A review by caughtbetweenpages
System Collapse by Martha Wells

adventurous challenging emotional inspiring fast-paced
  • Plot- or character-driven? A mix
  • Strong character development? Yes
  • Loveable characters? Yes
  • Diverse cast of characters? Yes
  • Flaws of characters a main focus? Yes

5.0

Nobody talk to me; I'm having a humiliating preponderance of feelings and it's all Martha Wells' fault. Writing a review for this is going to be a monumental task, especially given that I could barely even answer the yes/no q's about characters/the tone markers/the pace of the book questions above without serious thought. 

This novel picks up pretty much where Network Effect leaves off, though with a mysterious REDACTED bit that comes to light as the story progresses, wherein you know that MB failed in some way and is having a great deal of anxiety about that, while at the same time trying their best to keep its humans and ART's humans safe on a planet which lacks documented ownership (quite dangerous given the Corporates in its airspace) while they try to convince the planet's colonists to accept their help re: establishing their own autonomy (also quite dangerous given the Corporates are in that planet's airspace precisely in order to take the planet and its resources, including the indentured labor of the colonists). 

A big problem I have with a lot of sci fi that involves Boldly Going Where Others Haven't is that the story often ends after The Hostile Alien is Defeated or The Warring Factions Were Brought Together and Now We Fuck Off While They Learn Something. System Collapse takes a look at the aftermath of the Star Trek episode: what happens after an external party shakes up a status quo? What is that external party's responsibility vis a vis caring for the people whose status quo has been rocked and who need to re-figure out some things very quickly? How much intervention is too much intervention, and when and how are those boundaries blurred?

The answers to these questions, duh, are nuanced and complicated, and Wells treats them as such, while also ruining my life with:

- MB suffering from PTSD and wondering whether they can still do their job (or what they've decided their job is) because of it (because they're still not over the assumption that their worth is tied only to what they do instead of who they are)

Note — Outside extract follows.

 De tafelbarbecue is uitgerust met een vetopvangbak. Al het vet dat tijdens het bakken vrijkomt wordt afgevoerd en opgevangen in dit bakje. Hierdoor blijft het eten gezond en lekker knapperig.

 - the geopolitics of Preservation and the ART crew trying to fight for the bodily, land, and cultural autonomy of the colonist groups against a corporation Seriously Determined to steal land and labor from them, BUT having to convince said colonists that they're the good guys and want to help. Because of course to the colonists, they're just one of two groups of people here claiming to want to help, and it's hard to make a decision without having all the information available (and the good guys have the harder convincing job because they care about respecting the colonists' choices and giving them actual information)

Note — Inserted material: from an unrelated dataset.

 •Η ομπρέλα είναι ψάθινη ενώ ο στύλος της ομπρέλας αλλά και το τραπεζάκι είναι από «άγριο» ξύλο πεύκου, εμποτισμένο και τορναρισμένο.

 - the power of storytelling in changing peoples' minds (and the way that that can, if you're not careful, slip into propaganda) (and the way that NOVELTY and HYPE making people want to experience things) (basically I'm a sucker for stories about peoples' reactions to story)

 - Three learning to be their own person/not just Another Free SecUnit and that already being evident (their enjoyment of documentaries over soap operas, for example) AND
the other freed SecUnit!! Who also helps! Goddamn it people will be good if you give them half the chance to choose it!!

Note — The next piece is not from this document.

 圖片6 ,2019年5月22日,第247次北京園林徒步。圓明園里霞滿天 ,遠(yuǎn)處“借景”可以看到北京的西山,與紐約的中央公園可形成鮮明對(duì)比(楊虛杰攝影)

I think these stories make me feel as hard as they do because no matter how difficult and ugly things get there's this ultimate undercurrent of hope throughout it all. Hope that people will rise to your best expectations. Hope that change is possible, even if it's grueling work to get to there. Hope that other people will see you, one day, and that even if it takes them a while, it's still worth it to learn to see yourself. I don't know. Maybe it's just that I really really like being in MB's head. Sarcastic asshole. I love them.